Home > Books > Hothouse Flower (Addicted #4)(139)

Hothouse Flower (Addicted #4)(139)

Author:Krista Ritchie

“No.”

She stares at me for a while and says, “You’ve always been the most scatterbrained of the girls. I guess I shouldn’t be surprised.” Her eyes narrow a little though. I guess that’s the best I’m going to get. It’s good enough for me.

And then she scrutinizes my hair, combing her fingers through the shorter, badly hacked strands with a crinkled nose. “We can get you some extensions and take out this color… Did you cut this yourself? It’s god-awful.” She takes out her phone and makes a note to call the salon. Just like that, she acts like I didn’t make a pledge, but I won’t ever back away from it. Even if she chooses to forget or feign confusion. I’ll remind her.

“I love it,” I say.

“Funny,” she says, typing on her phone.

“No, I do,” I tell her seriously. “I love that it’s not perfect, and I like the highlights. I’m not changing it.” I glance at Rose, and she wears a proud smile.

“You can’t like this,” she says. “It’s ugly.”

Rose butts in. “It’s her taste.”

“Well she has bad taste,” she snaps. “And I’m trying to help her see that.”

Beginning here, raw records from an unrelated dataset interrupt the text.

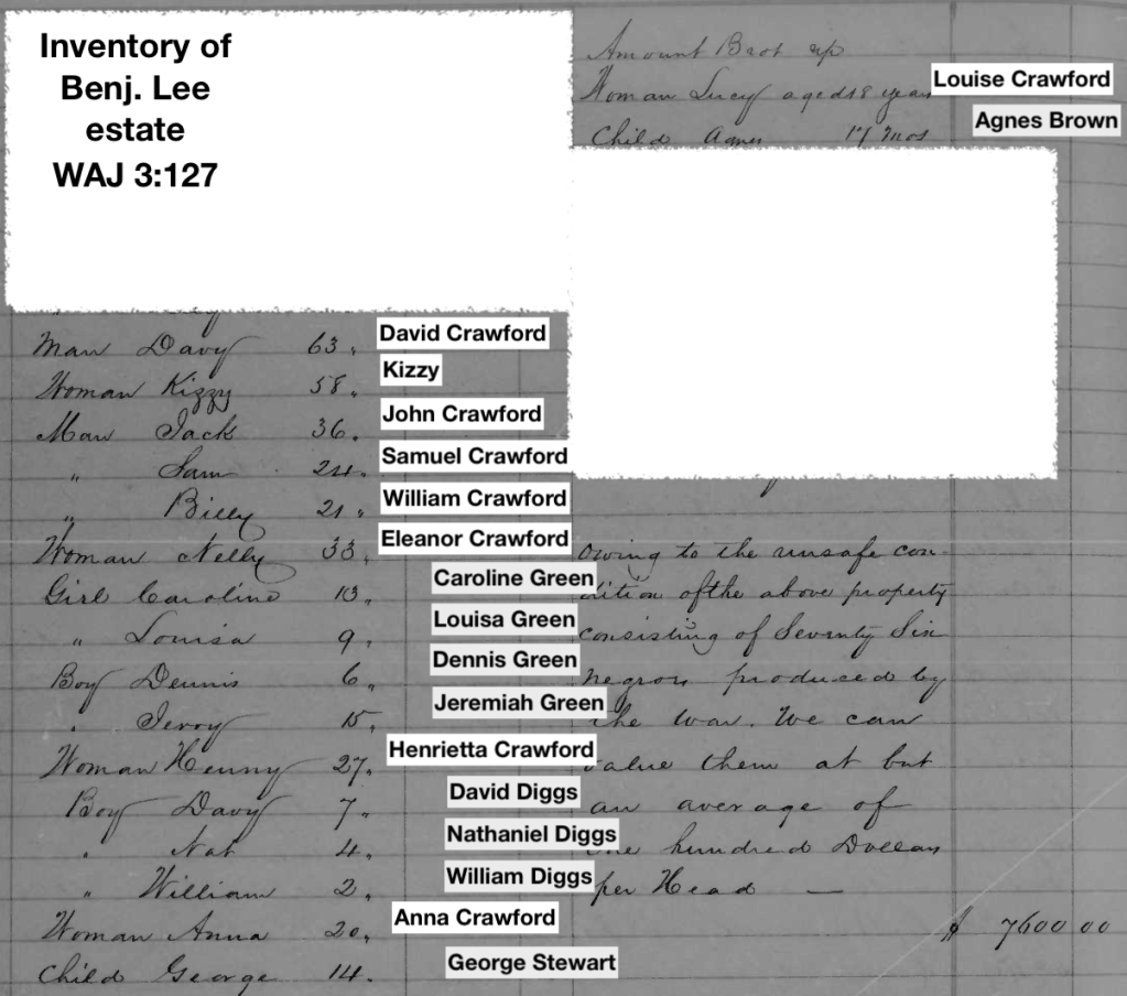 Nelly Crawford was listed in the Benjamin Lee inventory as 33 years old with four living children: Caroline, Louisa, Dennis, and Jerry. The names of the children with their ages allowed for the identification of Eleanor (Nelly) Crawford’s family in the 1870 Census. The family was living with their father, Dennis Green, near the small…
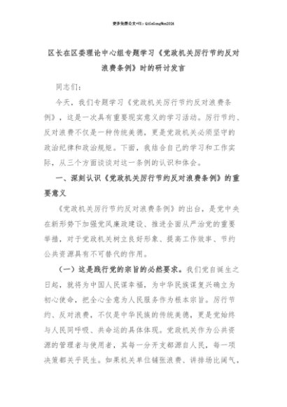 【七哥公文】2025年:【七哥公文】区长在区委理论中心组专题学习《党政机关厉行节约反对浪费条例》时的研讨发言+更多免费公文+VX:QiGeGongWen2024+更多免费公文+VX:QiGeGongWen2024
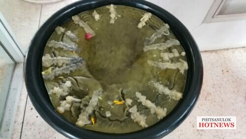 พระบุญมี เผยต่อว่า พุทธมณฑลเฉลิมพระเกียรติพิษณุโลก เป็นสถานที่จัดงานพิธีในวันสำคัญทางพระพุทธศาสนามาอย่างต่อเนื่อง วันที่ 28 สิงหาคม 2563 เป็นการเทศน์คาถาพัน มีประชาชนมาร่วมพิธีประมาณ 100 คน ในพิธีมีพระสงฆ์ 2 รูป และระหว่างการเทศน์คาถาพัน ได้จุดเทียน 1,000 เล่ม รูป 1,000 ดอก ดอกไม้ 1,000 ดอก จากนั้น วันที่ 29 สิงหาคม 2563 มีพิธีเทศน์มหาชาติ ในพิธีมีพระสงฆ์ 2 รูป ประชาชนร่วมงาน 100 กว่าคน และในโอ่งน้ำมนต์เดิม ไก้จุดเทียนส่องธรรมเพิ่มอีก 1 เล่ม และจุดเทียนบริวารอีก 21 เล่ม หลังจากเสร็จพิธีได้ให้ประชาชนนำขวดน้ำมาเก็บน้ำมนต์กลับไปได้ วันรุ่งขึ้นจึงมาสังเกตพบว่าเทียนในพิธีทั้งสองวัน ปรากฏเป็นรูปร่างคล้ายพระมาลาเบี่ยง

Rose groans. “Mother, why do you have to be so—”

“Because I want what’s best for my girls,” she retorts. Her eyes land on me. “I don’t know what’s gotten into you. You always liked your hair before.”

“I never did,” I say.

She glares. “It’s Ryke, isn’t it? You’re changing because of a boy.”

“Ryke never told me how to cut my hair or what color to make it. He’s only ever told me to think for myself.”

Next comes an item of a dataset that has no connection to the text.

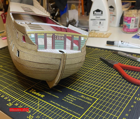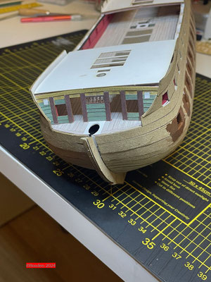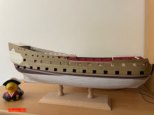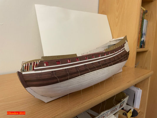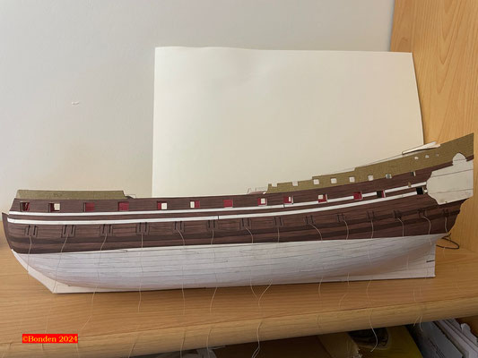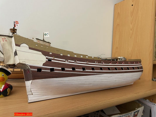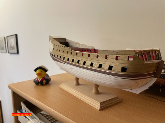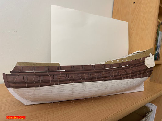 Erst hatte ich vor, den ganzen Kleinkram zu bauen und anzubringen, der an Deck muss, also Ankerspill, Nagelbänke, Pumpen etc. Aber dann habe ich mir überlegt, dass das nicht gut ist beim Anbringen der finalen Beplankung; unwillkürlich greift man dann doch rein ins volle Decksgewirr, und schon ist der Ärger da. Also erst einmal die Endbeplankung. Hier sind wieder alle Teile einzeln auszuschneiden, wobei das glücklicherweise zumeist gleich drei Planken auf einmal bedeutet. Dann fein säuberlich die Stückpfortenöffnungen ausschneiden. Vor dem Anbringen habe ich den Rumpf mit einem "2in1 Klarlack Lack + Grundierung seidenmatt" gestrichen/versiegelt. Das Zeug hatte ich von Außenarbeiten auf der Terrasse übrig. Wasserlöslich auf Acrylbasis, also nahezu geruchsarm und der Pinsel ließ sich problemlos auswaschen. Und ich hatte einen schönen glatten Untergrund, der nicht sofort den ganzen Leim weggeschlürft hat. So kann ich dann beim Ankleben der Plankenstreifen immer noch korrigieren, wenn etwas nicht richtig passt.

I catch her eyes flickering to the door of the front cabin, where Ryke lies. She glares at it like it accosted her somehow. She blames him for my thoughts and feelings and probably my sudden career change.

“Is he telling you to push me out of your life?” she asks.

“Mom, no. He’s never been like that.”

“He doesn’t like me,” she says. “I wouldn’t be surprised if he’s telling you all of these things—”

“Listen to me,” I plead. “He’s not saying a word about you. I love you, Mom, and he respects that.”

She shakes her head, disbelieving. She doesn’t even need to add the next line for me to sense it, but she does anyway. “You would have never gotten hurt if Ryke didn’t follow you to Paris.” She shakes her head again and again.

The sad thing, there is some truth to that.

I would have never gone to the pub to retrieve Lo if Ryke didn’t show up.

We would have never been stuck in that riot.

But without that violent wake-up call, I would have never realized how much I needed to voice my opinions. Even if it hurt my mom. Even if it pissed her off. All of this had to be said.

For me.

No one else.

You are your own anchor. Do you want to keep burning or are you going to let yourself rise?

No more dragging myself down.

I’m finally ready to rise.

< 56 >

RYKE MEADOWS

I’m in a room alone with my fucking father, my girlfriend’s dad and Connor. Right when I stepped onto the plane, Greg put his hand on my shoulder and said, “We need to talk.”

I thought he was reserving that talk with Daisy, but I’m sure he’ll have another one with her later, just to confirm that I didn’t sleep with her when she was fifteen.

He steered me into the front cabin and pushed me onto a cream leather recliner.

My sore muscles tense the longer I’m in a room with the fucking devil and his sidekick. That devil, by the way, has already poured his second glass of whiskey: straight, one ice cube. By the window, he takes big sips, sitting on a chair next to Connor, watching Greg face me in his own seat.

“I don’t even know where to start,” Greg admits, his green eyes zeroed in on me like a fucking target.

I rub the back of my neck and say, “You can ask me anything.” I can’t look at my father, only ten feet away, right fucking there. I haven’t been this close to him in years.

“I can think of a hundred places to start,” my dad pipes in, swishing his glass of whiskey. Instead of meeting my father’s eyes, I look at Connor beside him, his expression unreadable, drinking red wine. He easily fits among these men who are twice his age, and Connor exudes far more fucking confidence than either of them.

I’m no longer outdoors. I’m no longer in my element. I’ve entered Connor’s fucking realm, and I wonder if he’s mentally snapshotting this picture of me, here. Like I did to him back in Tennessee.